Needtobreathe’s Bear Rinehart Picked From Nearly 100 Pandemic-Penned Songs for ‘The Work Tapes EP’

Wilder Woods' Bear Rineheart (Photo: Noah Wolfe)

As the pandemic shut everything down, Bear Rinehart retreated to his home in Tennessee, writing nearly 100 songs. Closing himself in, and looking inward, the Needtobreathe frontman and songwriter wrote… then wrote some more. Working under his Wilder Woods moniker, Rinehart pulled from dozens of stories, varying reflections of love and relationships, and some childhood reverie on The Work Tapes EP.

“I was sort of forced into producing my own stuff for the first time,” says Rinehart, who wrote, recorded, and produced the EP at his home studio. “I just realized that if I wasn’t going to do it myself, no one would, so I ended up writing 70 or 80 songs.”

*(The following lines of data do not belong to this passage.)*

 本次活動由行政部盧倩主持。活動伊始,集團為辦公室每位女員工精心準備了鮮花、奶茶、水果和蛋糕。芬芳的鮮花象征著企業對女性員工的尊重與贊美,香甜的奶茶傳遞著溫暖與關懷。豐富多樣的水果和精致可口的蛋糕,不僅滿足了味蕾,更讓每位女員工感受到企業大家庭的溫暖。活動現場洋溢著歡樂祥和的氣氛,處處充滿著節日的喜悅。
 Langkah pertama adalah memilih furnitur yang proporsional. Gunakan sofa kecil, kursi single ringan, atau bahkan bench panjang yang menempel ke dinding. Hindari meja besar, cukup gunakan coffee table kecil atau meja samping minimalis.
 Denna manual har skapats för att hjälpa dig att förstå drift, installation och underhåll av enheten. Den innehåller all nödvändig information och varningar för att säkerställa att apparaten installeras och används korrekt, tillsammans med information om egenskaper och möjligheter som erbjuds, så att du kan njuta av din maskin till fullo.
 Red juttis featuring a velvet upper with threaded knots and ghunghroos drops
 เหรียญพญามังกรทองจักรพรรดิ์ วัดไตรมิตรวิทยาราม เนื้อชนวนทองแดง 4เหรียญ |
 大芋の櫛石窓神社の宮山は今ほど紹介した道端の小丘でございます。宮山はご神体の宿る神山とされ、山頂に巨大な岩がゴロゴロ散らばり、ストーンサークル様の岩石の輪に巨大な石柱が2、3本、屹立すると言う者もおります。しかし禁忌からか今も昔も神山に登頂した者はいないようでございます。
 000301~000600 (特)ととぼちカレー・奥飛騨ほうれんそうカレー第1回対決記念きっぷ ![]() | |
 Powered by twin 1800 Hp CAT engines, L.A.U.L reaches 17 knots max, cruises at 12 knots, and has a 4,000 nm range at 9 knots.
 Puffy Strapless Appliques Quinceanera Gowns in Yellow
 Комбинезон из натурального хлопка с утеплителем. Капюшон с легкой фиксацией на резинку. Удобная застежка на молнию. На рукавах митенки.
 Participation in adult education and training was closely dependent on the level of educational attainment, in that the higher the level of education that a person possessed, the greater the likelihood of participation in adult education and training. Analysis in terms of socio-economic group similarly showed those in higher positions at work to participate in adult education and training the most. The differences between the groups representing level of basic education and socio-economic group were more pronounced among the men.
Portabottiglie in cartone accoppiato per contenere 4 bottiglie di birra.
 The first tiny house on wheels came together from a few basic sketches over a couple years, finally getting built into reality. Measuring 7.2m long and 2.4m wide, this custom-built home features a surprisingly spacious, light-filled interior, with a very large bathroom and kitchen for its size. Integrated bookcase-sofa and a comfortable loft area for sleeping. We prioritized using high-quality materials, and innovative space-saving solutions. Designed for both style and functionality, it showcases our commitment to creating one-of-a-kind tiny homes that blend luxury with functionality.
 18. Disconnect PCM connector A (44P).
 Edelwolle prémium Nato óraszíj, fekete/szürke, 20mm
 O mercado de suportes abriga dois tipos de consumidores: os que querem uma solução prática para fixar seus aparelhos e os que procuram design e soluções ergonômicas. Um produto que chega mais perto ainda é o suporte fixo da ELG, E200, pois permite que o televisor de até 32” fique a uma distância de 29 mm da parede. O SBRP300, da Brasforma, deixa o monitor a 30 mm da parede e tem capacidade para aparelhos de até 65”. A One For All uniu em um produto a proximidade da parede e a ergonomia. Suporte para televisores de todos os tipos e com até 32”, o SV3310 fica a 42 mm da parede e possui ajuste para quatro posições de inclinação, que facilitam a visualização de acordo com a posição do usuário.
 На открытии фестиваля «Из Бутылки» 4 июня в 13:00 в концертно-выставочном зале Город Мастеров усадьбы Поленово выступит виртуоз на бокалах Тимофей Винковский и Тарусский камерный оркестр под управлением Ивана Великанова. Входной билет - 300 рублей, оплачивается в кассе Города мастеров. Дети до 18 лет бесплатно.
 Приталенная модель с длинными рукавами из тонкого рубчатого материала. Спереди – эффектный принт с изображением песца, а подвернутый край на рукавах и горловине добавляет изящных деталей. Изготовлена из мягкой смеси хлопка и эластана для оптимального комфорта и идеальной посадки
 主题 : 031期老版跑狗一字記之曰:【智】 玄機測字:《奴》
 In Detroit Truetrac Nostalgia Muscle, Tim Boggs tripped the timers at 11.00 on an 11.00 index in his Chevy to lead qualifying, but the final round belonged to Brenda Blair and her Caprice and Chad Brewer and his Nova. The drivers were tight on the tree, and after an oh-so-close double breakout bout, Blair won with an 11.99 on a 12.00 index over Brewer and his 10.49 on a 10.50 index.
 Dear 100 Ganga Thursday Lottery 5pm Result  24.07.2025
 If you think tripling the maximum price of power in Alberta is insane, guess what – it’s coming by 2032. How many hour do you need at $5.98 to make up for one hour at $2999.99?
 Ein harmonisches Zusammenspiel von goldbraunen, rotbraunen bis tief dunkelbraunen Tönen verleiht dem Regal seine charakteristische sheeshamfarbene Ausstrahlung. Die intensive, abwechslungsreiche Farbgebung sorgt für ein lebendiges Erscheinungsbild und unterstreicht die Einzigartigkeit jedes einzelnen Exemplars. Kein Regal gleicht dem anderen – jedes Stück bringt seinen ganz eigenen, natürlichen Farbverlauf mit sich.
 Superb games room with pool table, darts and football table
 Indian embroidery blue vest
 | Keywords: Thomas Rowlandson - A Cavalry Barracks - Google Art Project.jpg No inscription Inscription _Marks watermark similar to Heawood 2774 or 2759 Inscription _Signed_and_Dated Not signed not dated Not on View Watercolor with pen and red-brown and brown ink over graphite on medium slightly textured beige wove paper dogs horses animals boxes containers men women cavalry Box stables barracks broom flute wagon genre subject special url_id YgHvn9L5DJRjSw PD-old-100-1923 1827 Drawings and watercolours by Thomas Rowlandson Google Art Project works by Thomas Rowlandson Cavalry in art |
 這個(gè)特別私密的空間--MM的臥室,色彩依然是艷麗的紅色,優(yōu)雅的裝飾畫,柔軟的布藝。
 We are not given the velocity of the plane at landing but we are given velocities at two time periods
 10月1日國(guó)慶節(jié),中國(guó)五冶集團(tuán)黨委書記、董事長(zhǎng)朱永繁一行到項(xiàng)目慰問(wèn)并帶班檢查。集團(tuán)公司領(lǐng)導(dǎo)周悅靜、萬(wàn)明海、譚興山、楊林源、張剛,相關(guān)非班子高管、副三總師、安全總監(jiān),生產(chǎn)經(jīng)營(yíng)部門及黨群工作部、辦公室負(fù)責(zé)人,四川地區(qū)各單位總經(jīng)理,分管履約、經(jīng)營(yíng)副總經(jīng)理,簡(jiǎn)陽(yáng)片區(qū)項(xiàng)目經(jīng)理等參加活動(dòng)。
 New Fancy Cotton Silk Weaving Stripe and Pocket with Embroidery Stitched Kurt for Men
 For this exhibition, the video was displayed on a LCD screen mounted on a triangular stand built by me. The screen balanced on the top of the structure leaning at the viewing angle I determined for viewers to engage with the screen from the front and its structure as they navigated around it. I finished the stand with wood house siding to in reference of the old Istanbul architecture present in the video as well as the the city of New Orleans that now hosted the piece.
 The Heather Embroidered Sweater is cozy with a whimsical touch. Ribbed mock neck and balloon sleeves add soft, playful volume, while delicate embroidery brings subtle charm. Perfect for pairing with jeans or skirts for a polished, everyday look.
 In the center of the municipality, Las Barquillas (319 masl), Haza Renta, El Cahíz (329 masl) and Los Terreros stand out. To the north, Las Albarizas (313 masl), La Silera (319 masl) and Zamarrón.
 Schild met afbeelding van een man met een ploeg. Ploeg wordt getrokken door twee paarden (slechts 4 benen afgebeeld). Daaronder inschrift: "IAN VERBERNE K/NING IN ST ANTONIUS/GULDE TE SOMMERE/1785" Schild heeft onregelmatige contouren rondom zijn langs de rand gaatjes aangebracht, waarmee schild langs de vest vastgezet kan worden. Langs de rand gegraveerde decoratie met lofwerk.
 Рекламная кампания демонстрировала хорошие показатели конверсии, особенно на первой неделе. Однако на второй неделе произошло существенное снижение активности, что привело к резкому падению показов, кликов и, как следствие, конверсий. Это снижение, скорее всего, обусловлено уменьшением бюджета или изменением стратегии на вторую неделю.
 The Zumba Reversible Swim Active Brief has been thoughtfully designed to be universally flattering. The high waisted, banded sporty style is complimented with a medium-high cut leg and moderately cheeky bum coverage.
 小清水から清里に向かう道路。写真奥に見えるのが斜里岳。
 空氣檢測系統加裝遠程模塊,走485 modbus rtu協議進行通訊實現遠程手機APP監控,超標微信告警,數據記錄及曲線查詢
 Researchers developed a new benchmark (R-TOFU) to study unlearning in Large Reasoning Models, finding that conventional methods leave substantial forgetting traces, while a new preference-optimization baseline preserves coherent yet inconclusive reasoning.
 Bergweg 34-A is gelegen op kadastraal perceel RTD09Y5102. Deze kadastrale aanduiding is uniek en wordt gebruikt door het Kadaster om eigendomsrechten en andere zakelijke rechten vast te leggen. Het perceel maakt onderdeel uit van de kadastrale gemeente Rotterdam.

His second solo effort since his 2019 self-titled Wilder Woods release, the five songs of The Work Tapes are a diorama into a specific time and place. Produced by Rinehart and independently released, The Work Tapes EP fills some emotional voids, reflecting on change and uncertainty, yet filtered through better circumstances, from the impassioned “Long Night Coming,” capturing a child-like curiosity and wonderment in I need change to know my hearts still growing / I need an open word of possibility and no threat of slowing… I wanna sing to a crowd of people I’ve never met before / In a song that makes me remember what all this working’s for.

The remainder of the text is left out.